Clark beweerde dat ongelijke behandeling van vrouwen “een van de grootste zwakheden van de burgerrechtenbeweging was.”
andere burgerdienstdedit
tijdens haar carrière bij dienstverlenende organisaties werkte ze ook voor de Tuberculosis Association en het Charleston Health Department. Ze was ook een actief lid van Alpha Kappa Alpha sorority. Clark stopte met werken bij de SCLC in 1970. Ze vroeg later om herstel van het pensioen en achtersalaris dat was geannuleerd toen ze werd ontslagen als leraar in 1956, die ze won. Later diende ze twee termijnen in de Charleston County School Board.in 1978 ontving Clark van het College van Charleston een eredoctoraat van humane letters. De Amerikaanse President Jimmy Carter kende Clark in 1979 een Living Legacy Award toe. In 1987 won haar tweede autobiografie Ready from Within: Septima Clark and the Civil Rights Movement (Wild Trees Press, 1986) de American Book Award.Septima P. Clark overleed op 15 December 1987. In een lofrede op de begrafenis beschreef de voorzitter van de Southern Christian Leadership Conference (SCLC) het belang van Clark ‘ s werk en haar relatie met de SCLC. Dominee Joseph Lowery beweerde dat” haar moedige en baanbrekende inspanningen op het gebied van burgerschapsonderwijs en interraciale samenwerking “won haar SCLC’ S Hoogste prijs, de drum Major for Justice Award. Ze werd begraven op de Old Bethel United Methodist Church Cemetery in Charleston, South Carolina.Clark had belangrijke relaties met andere zwarte activisten van de burgerrechtenbeweging, zoals Booker T. Washington en W. E. B. DuBois. Washington en Clark benadrukten beiden het belang van zelfverbetering vóór het belang van institutionele hervormingen.
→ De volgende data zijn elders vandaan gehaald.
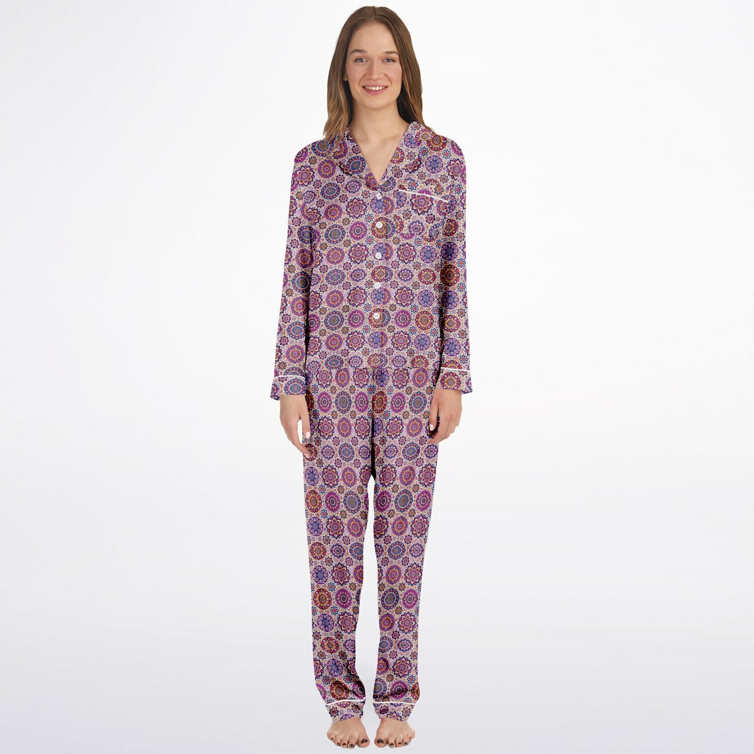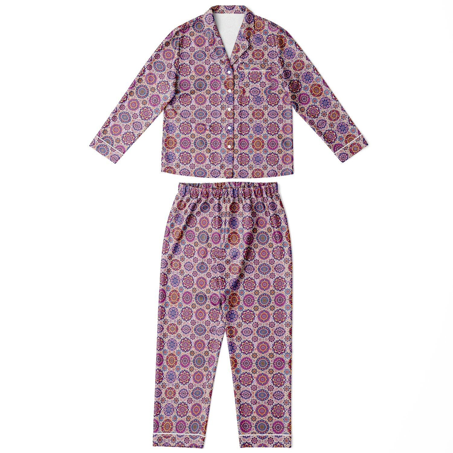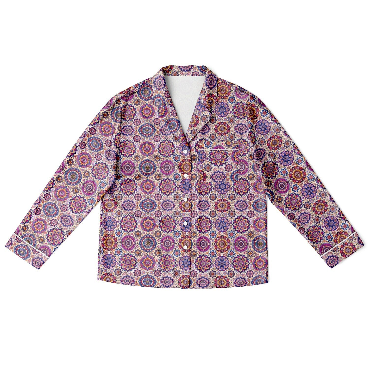 Treat yourself to the elegance and comfort you deserve with our luxury pink geometric satin pajama set. Crafted to provide an exceptional sleep experience, this all-over print satin pajama set offers a blend of softness, style, and comfort, making it the perfect addition to your sleepwear collection.
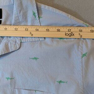 Bonobos Button Up Shirt Mens Large Blue AOP Shark Long Sleeve Slim Fit
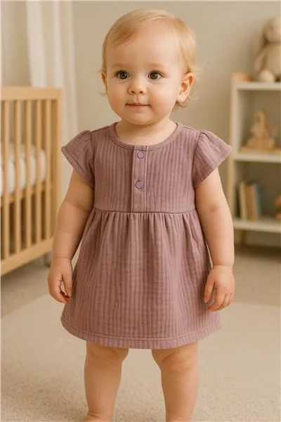 Baba muszlin ruha New Baby minden kislány számára. Harangruha rövid ujjal. Nagyon kellemes és puha anyagból készült. A New Baby számára nagyon fontos a vásárló elégedettsége, ezért kínáljuk Önnek a ruhát.
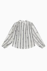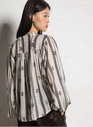 Ivory and grey paisley blouse with golden strands woven throughout.

DuBois en Clark waren het eens over de nadruk op onderwijs als de belangrijkste benadering van de burgerrechtenbeweging.Septima Clark Public Charter School in Washington DC is naar haar vernoemd. Septima P. Clark Parkway (ook bekend als de Septima P. Clark Expressway) en Septima P. Clark Memorial Park in Charleston, SC, zijn naar haar vernoemd.
Minor planet 6238 Septimaclark, ontdekt door Eleanor Helin is naar haar vernoemd. De officiële naamgeving werd gepubliceerd door het Minor Planet Center op 8 November 2019 (M. P. C. 117229).